● **Your assignment**: Leave the images out. Give every line below again, precisely.

▼

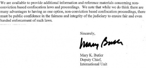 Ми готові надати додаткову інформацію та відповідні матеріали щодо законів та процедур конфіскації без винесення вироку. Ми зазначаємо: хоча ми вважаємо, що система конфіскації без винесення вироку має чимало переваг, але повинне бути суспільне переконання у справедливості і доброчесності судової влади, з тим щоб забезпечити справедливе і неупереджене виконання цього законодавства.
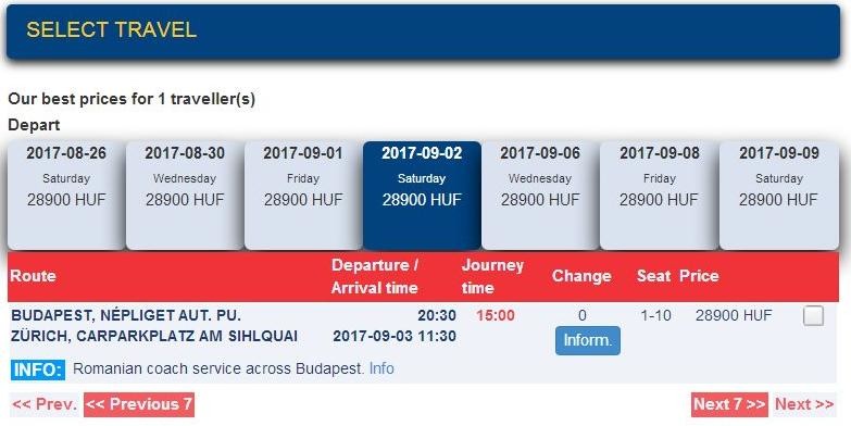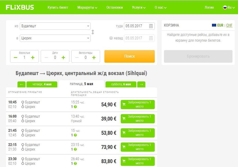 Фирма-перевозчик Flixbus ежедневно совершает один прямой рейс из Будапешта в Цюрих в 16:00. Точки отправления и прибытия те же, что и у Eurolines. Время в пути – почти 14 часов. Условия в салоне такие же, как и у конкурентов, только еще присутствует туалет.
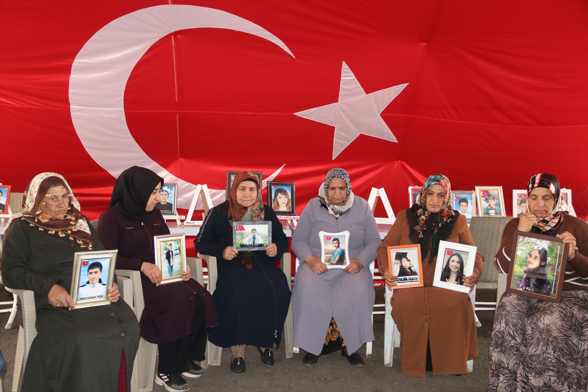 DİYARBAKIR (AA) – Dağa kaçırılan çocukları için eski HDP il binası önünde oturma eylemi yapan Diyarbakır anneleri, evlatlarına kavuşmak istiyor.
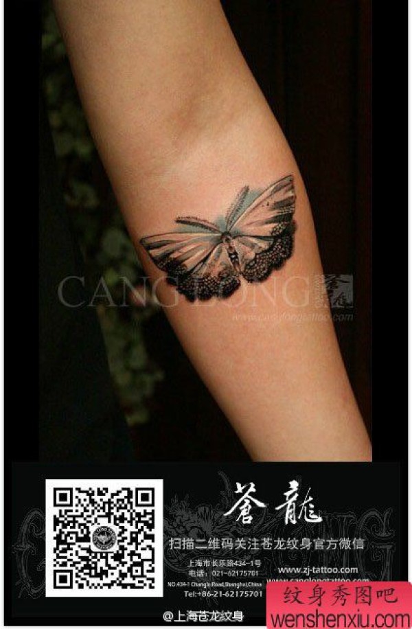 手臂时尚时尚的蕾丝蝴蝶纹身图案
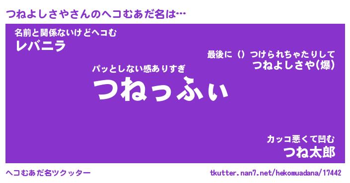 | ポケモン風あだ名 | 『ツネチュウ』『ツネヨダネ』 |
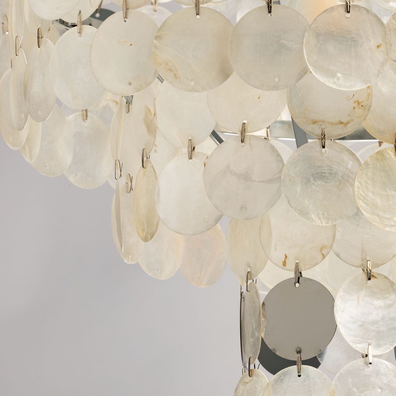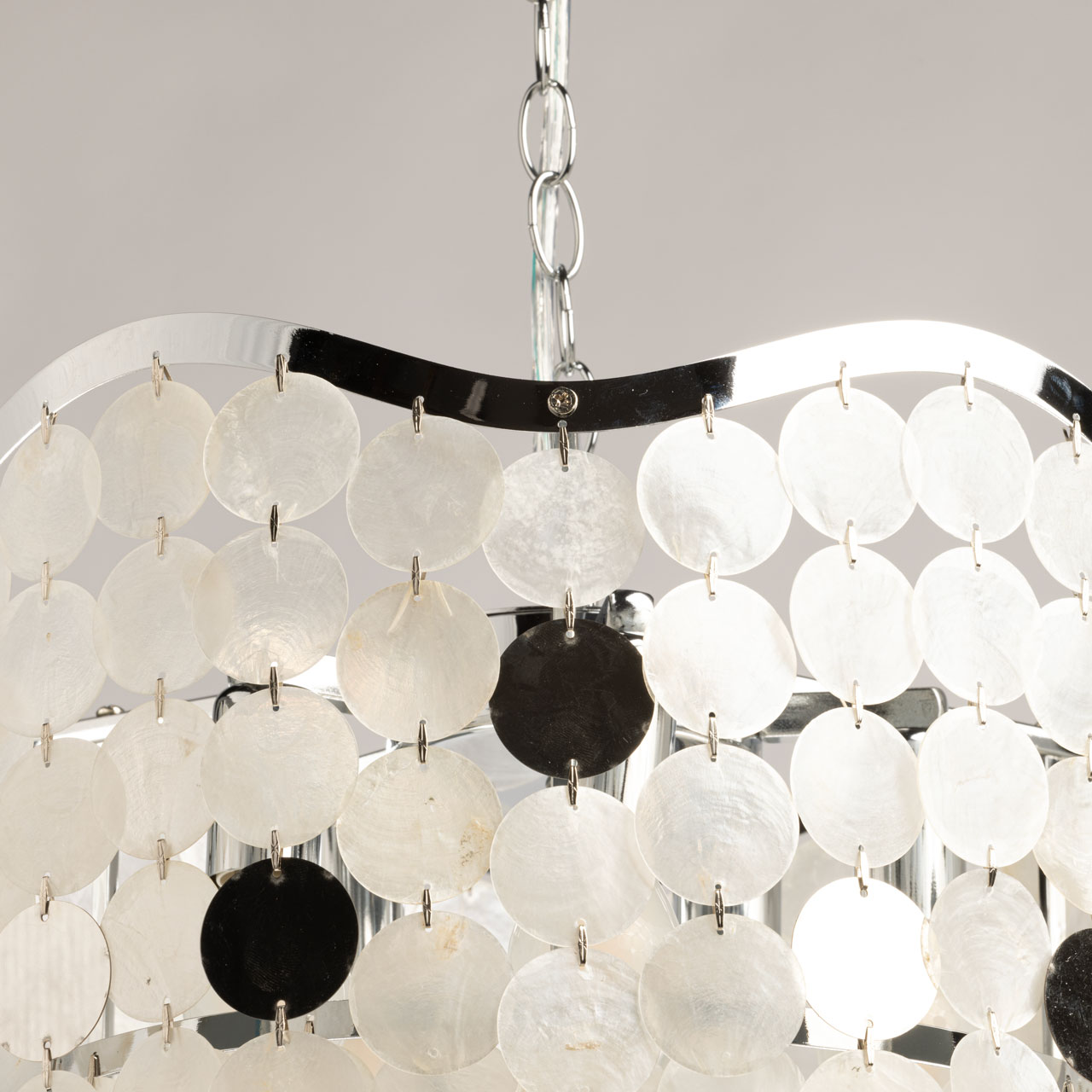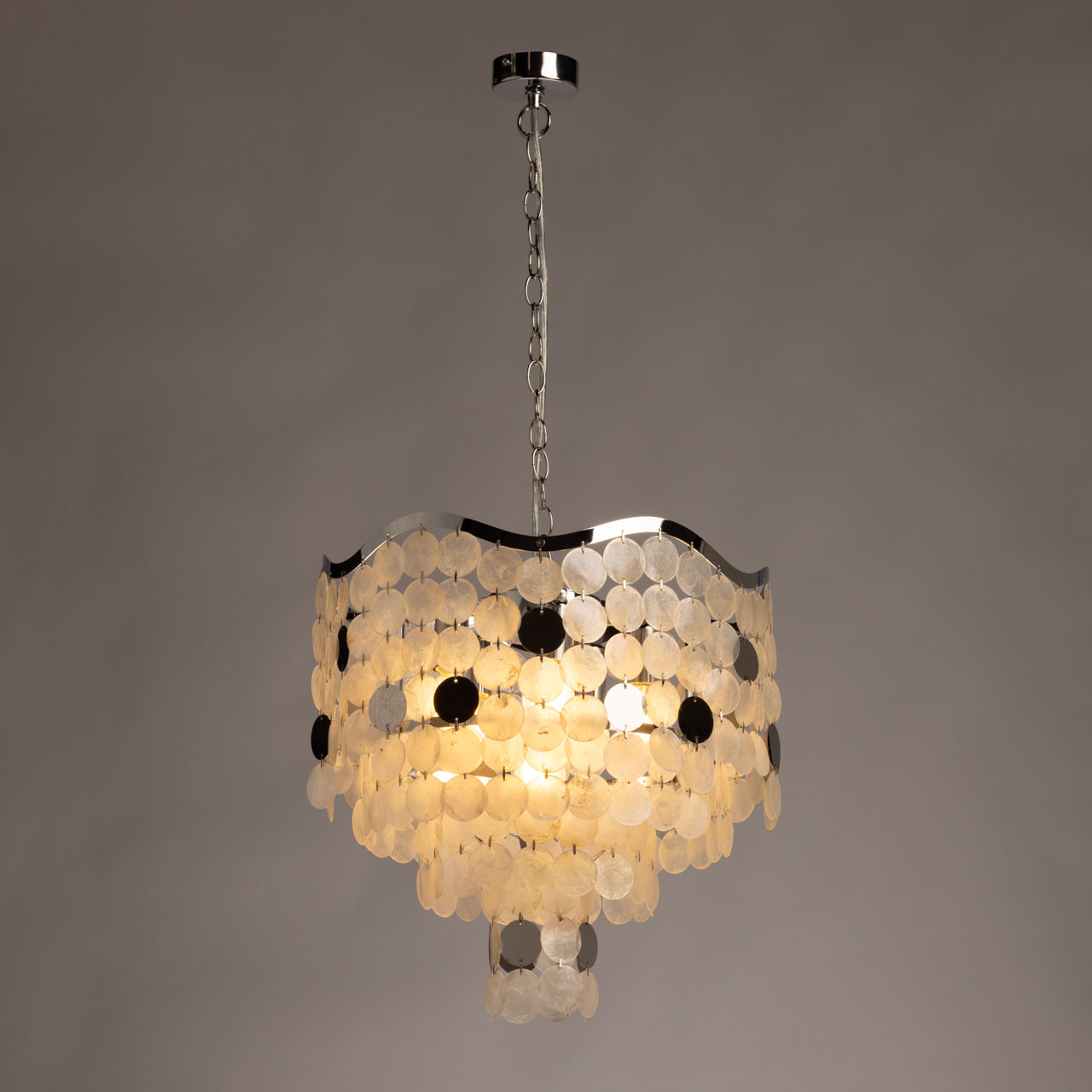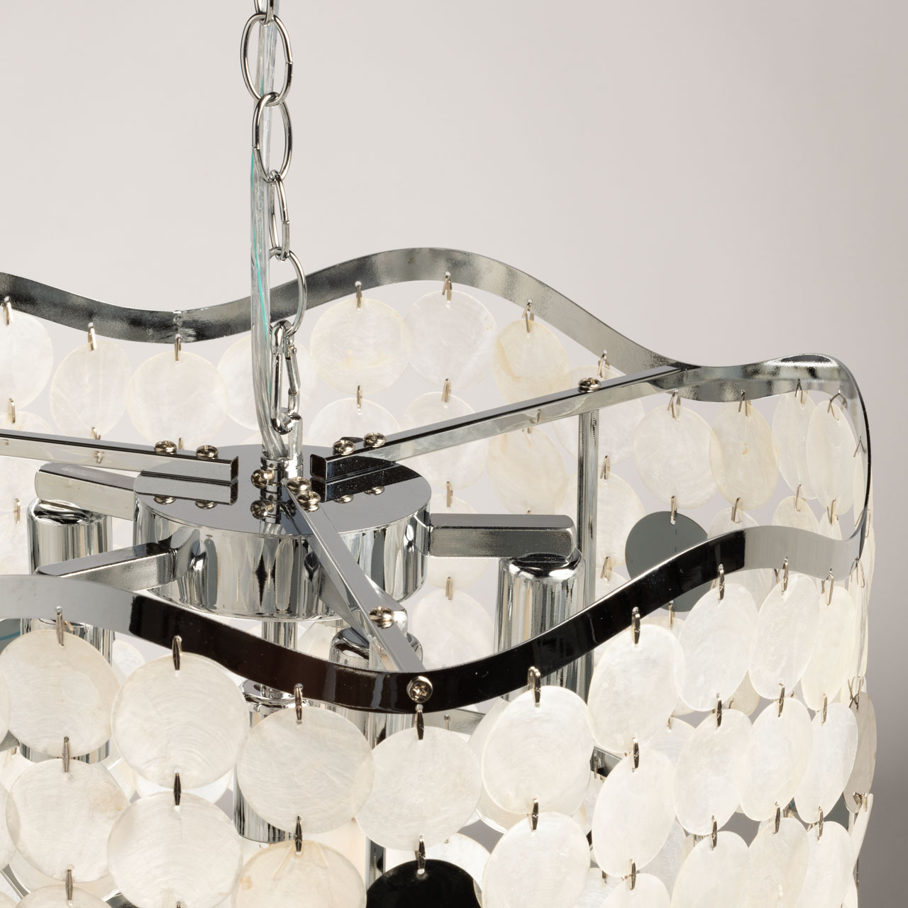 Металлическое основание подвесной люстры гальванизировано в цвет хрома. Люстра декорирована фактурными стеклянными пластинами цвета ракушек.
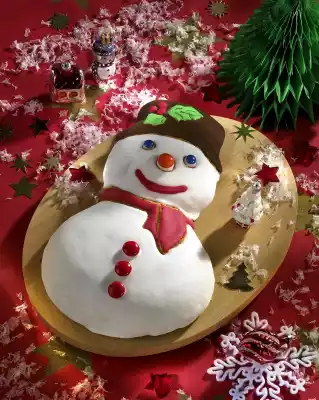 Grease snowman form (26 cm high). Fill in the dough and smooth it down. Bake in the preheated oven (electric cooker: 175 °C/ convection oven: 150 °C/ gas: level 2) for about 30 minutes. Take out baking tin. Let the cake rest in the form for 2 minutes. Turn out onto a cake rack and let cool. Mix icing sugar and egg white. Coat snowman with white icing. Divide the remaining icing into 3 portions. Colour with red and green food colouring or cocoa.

▲

● **Expected answer**:
 Ми готові надати додаткову інформацію та відповідні матеріали щодо законів та процедур конфіскації без винесення вироку. Ми зазначаємо: хоча ми вважаємо, що система конфіскації без винесення вироку має чимало переваг, але повинне бути суспільне переконання у справедливості і доброчесності судової влади, з тим щоб забезпечити справедливе і неупереджене виконання цього законодавства.
 Фирма-перевозчик Flixbus ежедневно совершает один прямой рейс из Будапешта в Цюрих в 16:00. Точки отправления и прибытия те же, что и у Eurolines. Время в пути – почти 14 часов. Условия в салоне такие же, как и у конкурентов, только еще присутствует туалет.
 DİYARBAKIR (AA) – Dağa kaçırılan çocukları için eski HDP il binası önünde oturma eylemi yapan Diyarbakır anneleri, evlatlarına kavuşmak istiyor.
 手臂时尚时尚的蕾丝蝴蝶纹身图案
 | ポケモン風あだ名 | 『ツネチュウ』『ツネヨダネ』 |
 Металлическое основание подвесной люстры гальванизировано в цвет хрома. Люстра декорирована фактурными стеклянными пластинами цвета ракушек.
 Grease snowman form (26 cm high). Fill in the dough and smooth it down. Bake in the preheated oven (electric cooker: 175 °C/ convection oven: 150 °C/ gas: level 2) for about 30 minutes. Take out baking tin. Let the cake rest in the form for 2 minutes. Turn out onto a cake rack and let cool. Mix icing sugar and egg white. Coat snowman with white icing. Divide the remaining icing into 3 portions. Colour with red and green food colouring or cocoa.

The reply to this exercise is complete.